Why would you want an integer overflow to occur? - c#

In this question the topic is how to make VS check for an arithmetic overflow in C# and throw an Exception: C# Overflow not Working? How to enable Overflow Checking?
One of the comments stated something weird and got upvoted much, I hope you can help me out here:
You can also use the checked keyword to wrap a statement or a set of statements so that they are explicitly checked for arithmetic overflow. Setting the project-wide property is a little risky because oftentimes overflow is a fairly reasonable expectation.
I dont know much about hardware but am aware that overflow has to do with the way registers work. I always thought overflow causes undefined behaviour and should be prevented where possible. (in 'normal' projects, not writing malicious code)
Why would you ever expect an overflow to happen and why wouldn't you always prevent it if you have the possibility? (by setting the corresponding compiler option)

The main time when I want overflow is computing hash codes. There, the actual numeric magnitude of the result doesn't matter at all - it's effectively just a bit pattern which I happen to be manipulating with arithmetic operations.
We have checked arithmetic turned on project-wide for Noda Time - I'd rather throw an exception than return incorrect data. I suspect that it's pretty rare for overflows to be desirable... I'll admit I usually leave the default to unchecked arithmetic, just because it's the default. There's the speed penalty as well, of course...

I always thought overflow causes
undefined behaviour and should be
prevented where possible.
You may also be confused about the difference between buffer overflow (overrun) and numeric overflow.
Buffer overflow is when data is written past the end of an unmanaged array. It can cause undefined behavior, doing things like overwriting the return address on the stack with user-entered data. Buffer overflow is difficult to do in managed code.
Numeric overflow, however, is well defined. For example, if you have an 8-bit register, it can only store 2^8 values (0 to 255 if unsigned). So if you add 100+200, you would not get 300, but 300 modulo 256, which is 44. The story is a little more complicated using signed types; the bit pattern is incremented in a similar manner, but they are interpreted as two's complement, so adding two positive numbers can give a negative number.

When doing calculations with constantly incrementing counters. A classic example is Environment.TickCount:
int start = Environment.TickCount;
DoSomething();
int end = Environment.TickCount;
int executionTime = end - start;
If that were checked, the program has odds to bomb 27 days after Windows was booted. When TickCount ticks beyond int.MaxValue while DoSomething was running. PerformanceCounter is another example.
These types of calculations produce an accurate result, even though overflow is present. A secondary example is the kind of math you do to generate a representative bit pattern, you're not really interested in an accurate result, just a reproducible one. Examples of those are checksums, hashes and random numbers.

Angles
Integers that overflow are elegant tools for measuring angles. You have 0 == 0 degrees, 0xFFFFFFFF == 359.999.... degrees. Its very convenient, because as 32 bit integers you can add/subtract angles (350 degrees plus 20 degrees ends up overflowing wrapping back around to 10 degrees). Also you can decide to treat the 32 bit integer as signed (-180 to 180 degrees) and unsigned (0 to 360). 0xFFFFFFF equates to -179.999..., which equates to 359.999..., which is equivelent. Very elegent.
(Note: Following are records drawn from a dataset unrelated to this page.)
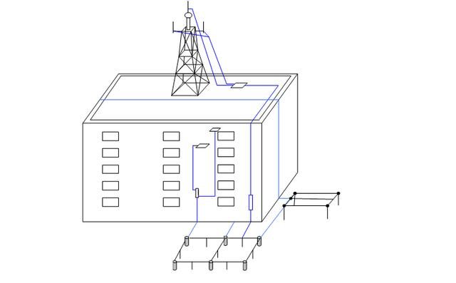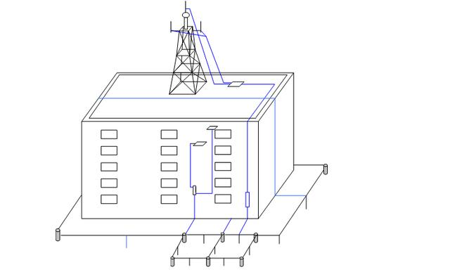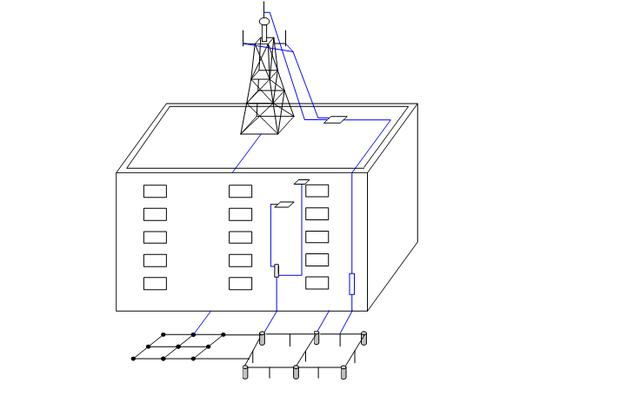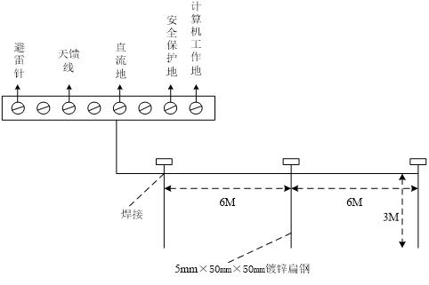 首先在楼顶铁塔的基脚处南北或东西方向置180°两处与楼顶避雷带相连,连接材料为40×4mm镀锌扁钢,利用建筑主钢筋多处泄放雷电流,并在楼下合适的位置建一地网,地网建成以后利用扁钢与建筑主钢筋两处焊接组成联合地网,从地网相距5m以上的位置抽两个头引出地面1.5m处做断接点,分别作为避雷针、机房工作保护接地引入线的接地点,机房内设置设备工作保护接地汇集线,其接地引入线接机房工作保护接地点;雷电流引下线下端接避雷针接地点,上端在楼顶与楼顶接地汇集线相连。接地引入线采用40×4mm镀锌扁钢或95mm2多股铜芯线。
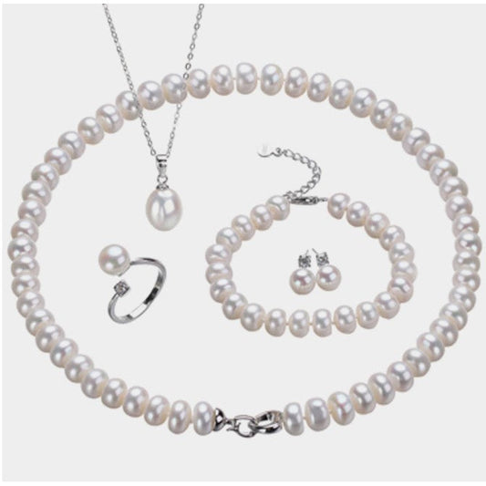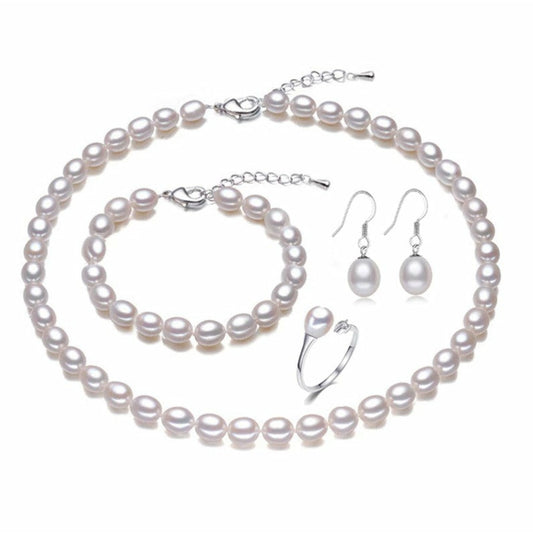AA keyfiyyətli uzunsov mirvari dəst, boyunbağı, qolbaq, sırğa və üzükStokda yoxdur
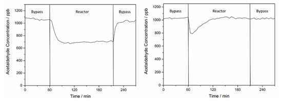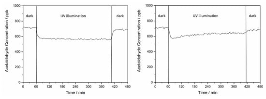 After the gaseous acetaldehyde treatment in the dark, the samples were illuminated by UV light, for 6 h, in the O2 and in the N2 atmosphere. The corresponding curves, showing the concentration of acetaldehyde as a function of time are displayed in Figure 8 in the presence (left) and in the absence of O2 (right). In both, the O2 and the N2 atmosphere, the concentration of acetaldehyde decreased from 700 ppb to 580 ppb, in the beginning, indicating a degradation of acetaldehyde by TiO2. In the presence of O2, the concentration remained at a constant low, during the UV illumination, thereby evincing a steady decomposition of acetaldehyde, in the O2 atmosphere. After 6 h of UV illumination, the lamp was turned off and the acetaldehyde concentration increased again. In the N2 atmosphere, a different trend was observed. While in the beginning, the concentration of acetaldehyde was as low as in the O2 atmosphere, it increased with increasing illumination time. When the UV lamp was turned off again, the concentration rose further.

When generating HashCodes, say from a string of characters.

why wouldn't you always prevent it if you have the possibility?
The reason checked arithmetic is not enabled by default is that checked arithmetic is slower than unchecked arithmetic. If performance isn't an issue for you it would probably make sense to enable checked arithmetic as an overflow occurring is usually an error.

This probably has as much to do with history as with any technical reasons. Integer overflow has very often been used to good effect by algorithms that rely on the behaviour (hashing algorithms in particular).
Also, most CPUs are designed to allow overflow, but set a carry bit in the process, which makes it easier to implement addition over longer-than-natural word-sizes. To implement checked operations in this context would mean adding code to raise an exception if the carry flag is set. Not a huge imposition, but one that the compiler writers probably didn't want to foist upon people without choice.
The alternative would be to check by default, but offer an unchecked option. Why this isn't so probably also goes back to history.

You might expect it on something that is measured for deltas. Some networking equipment keeps counter sizes small and you can poll for a value, say bytes transferred. If the value gets too big it just overflows back to zero. It still gives you something useful if you're measuring it frequently (bytes/minute, bytes/hour), and as the counters are usually cleared when a connection drops it doesn't matter they are not entirely accurate.
As Justin mentioned buffer overflows are a different kettle of fish. This is where you write past the end of an array into memory that you shouldn't. In numeric overflow, the same amount of memory is used. In buffer overflow you use memory you didn't allocate. Buffer overflow is prevented automatically in some languages.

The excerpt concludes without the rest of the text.